[Given records Boundary: Start]

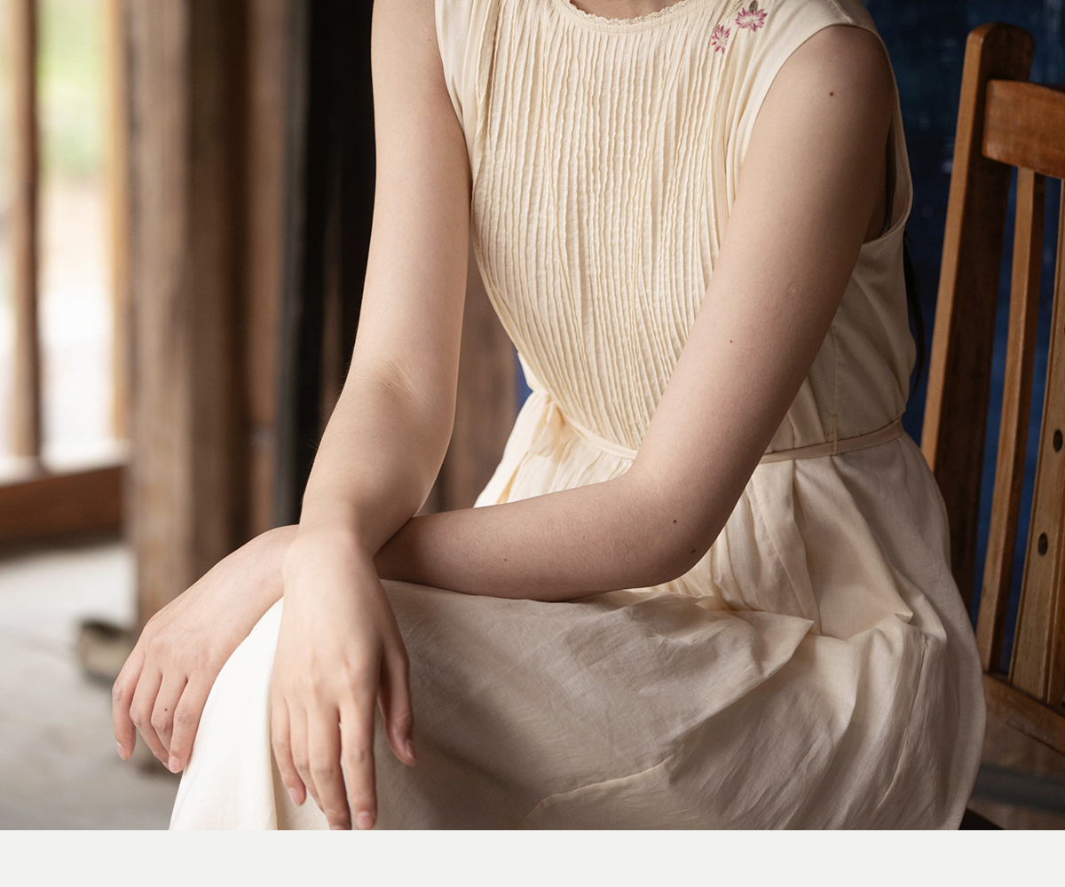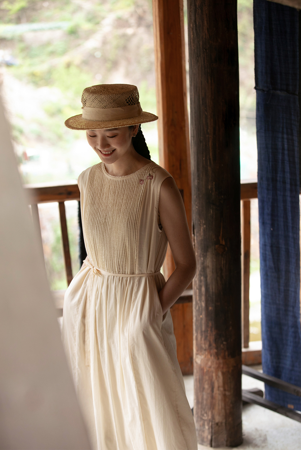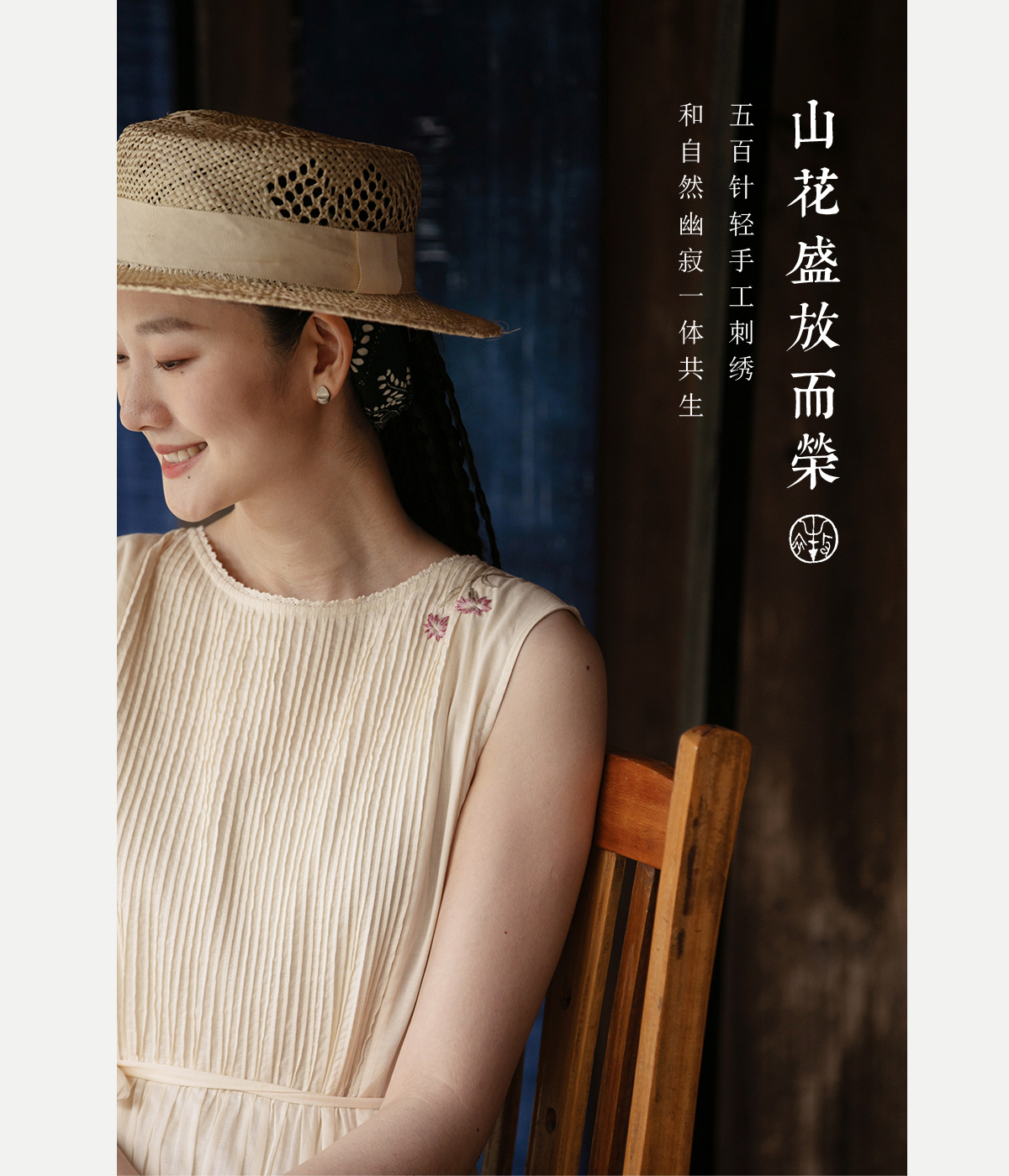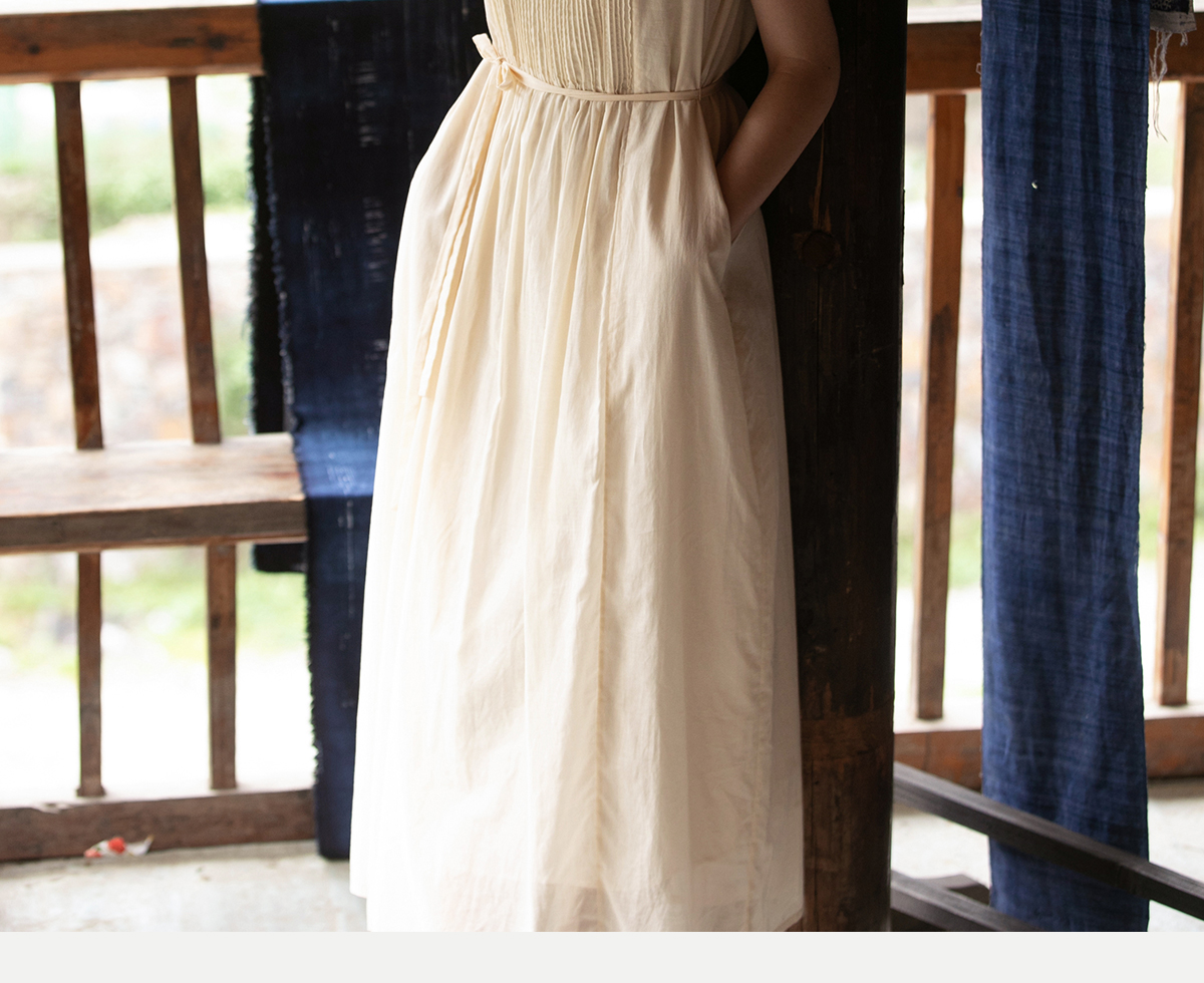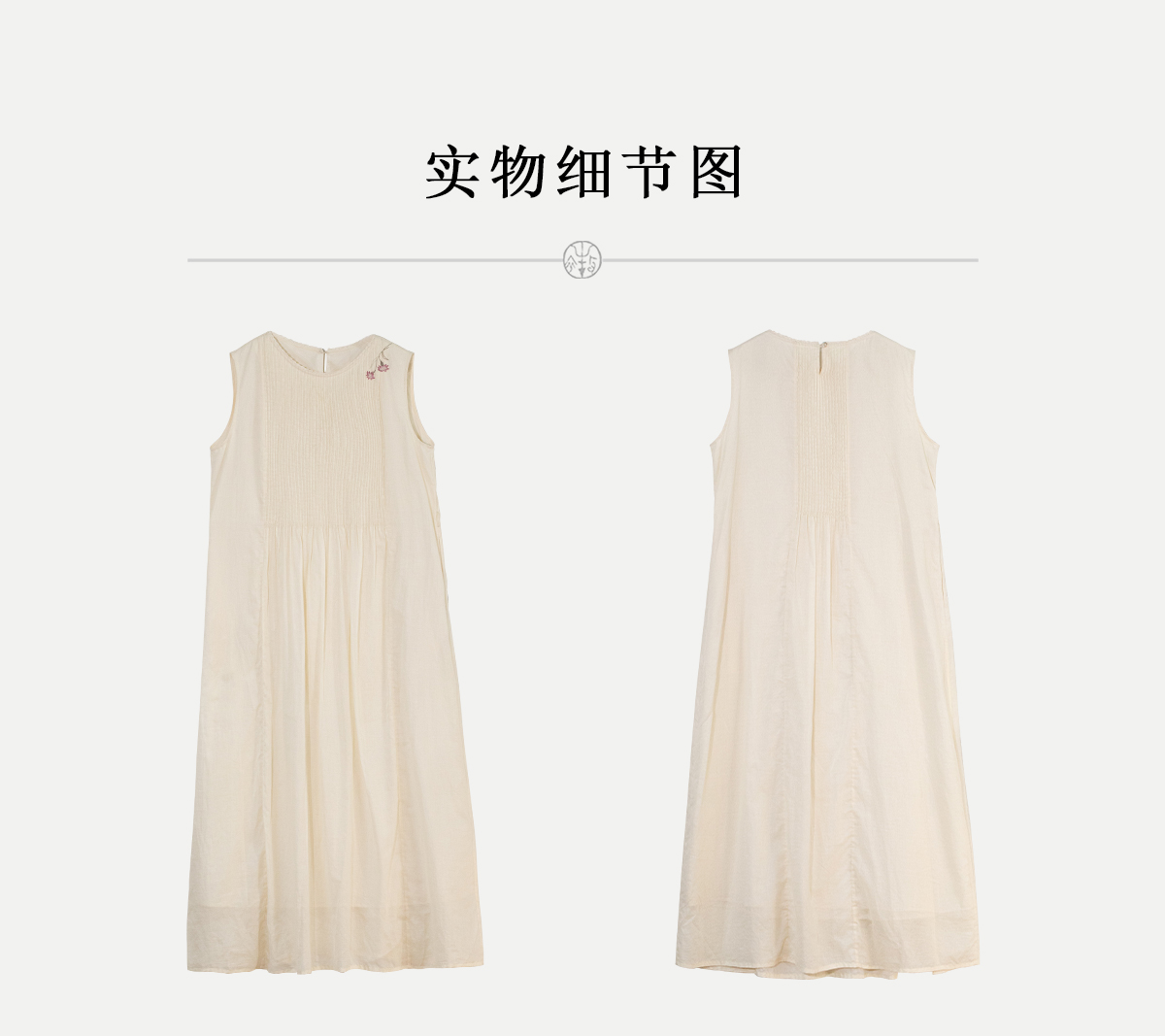 牧衣游原创手工刺绣打条100支精棉无袖连衣裙轻薄质朴长裙 小风铃
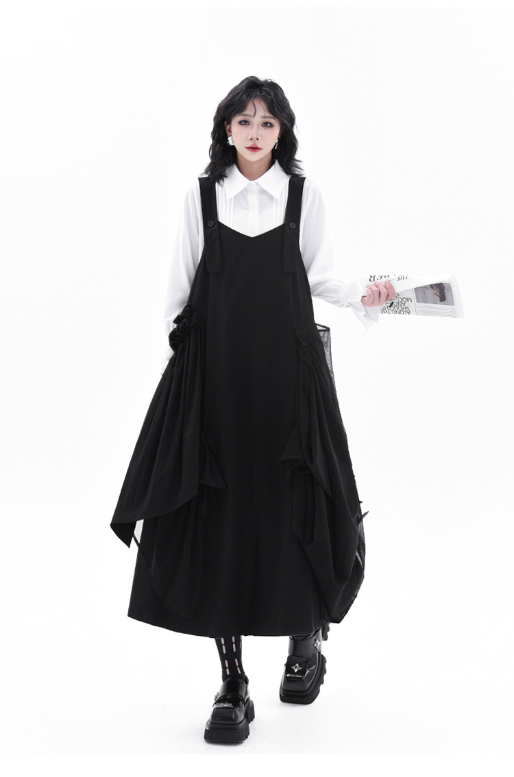 【商品名】【ワンピース】メッシュ切り替え キャミワンピース レディース 秋新作 ゆったり体型カバー ロング丈 ノースリーブ【AHシリーズ】
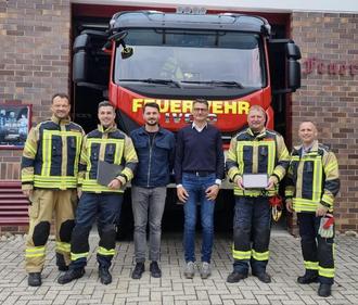 Über die neu beschaffte Ausrüstung freuen sich v.l. Marcus Henkel (1. Vorsitzender), Yannick Scheler (2. Vorsitzender), Robert und Roland Kern (Geschäftsführer der Ernst Kern GmbH), Oliver Lulei (Stellvertretender Kommandant) und Jens Zetzmann (Kommandant)
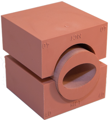 MCT Brattberg has a specially adapted range of insert blocks for the installation of waveguides. Where the waveguide passes straight through a transit system. It is possible to use a fixed type insert block, manufactured to the specific dimensions of the waveguide. However, if there is a possibility that the waveguide may pass through the transit at an undetermined angle then a revolving core version should be used, this is then installed inside a standard insert block.
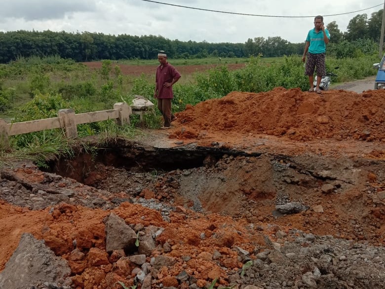 Jalan Provinsi Di Margamulyo Tulangbawang Barat Putus Diterjang Banjir

[Given records Boundary: End]

- _About this exercise_
Copy word for word only the lines above from the one with "ゆったり体型カバー ロング丈 ノースリーブ【AHシリーズ】" through the one with "Über die neu". Leave pictures out.

- _Answer to the problem_
 【商品名】【ワンピース】メッシュ切り替え キャミワンピース レディース 秋新作 ゆったり体型カバー ロング丈 ノースリーブ【AHシリーズ】
 Über die neu beschaffte Ausrüstung freuen sich v.l. Marcus Henkel (1. Vorsitzender), Yannick Scheler (2. Vorsitzender), Robert und Roland Kern (Geschäftsführer der Ernst Kern GmbH), Oliver Lulei (Stellvertretender Kommandant) und Jens Zetzmann (Kommandant)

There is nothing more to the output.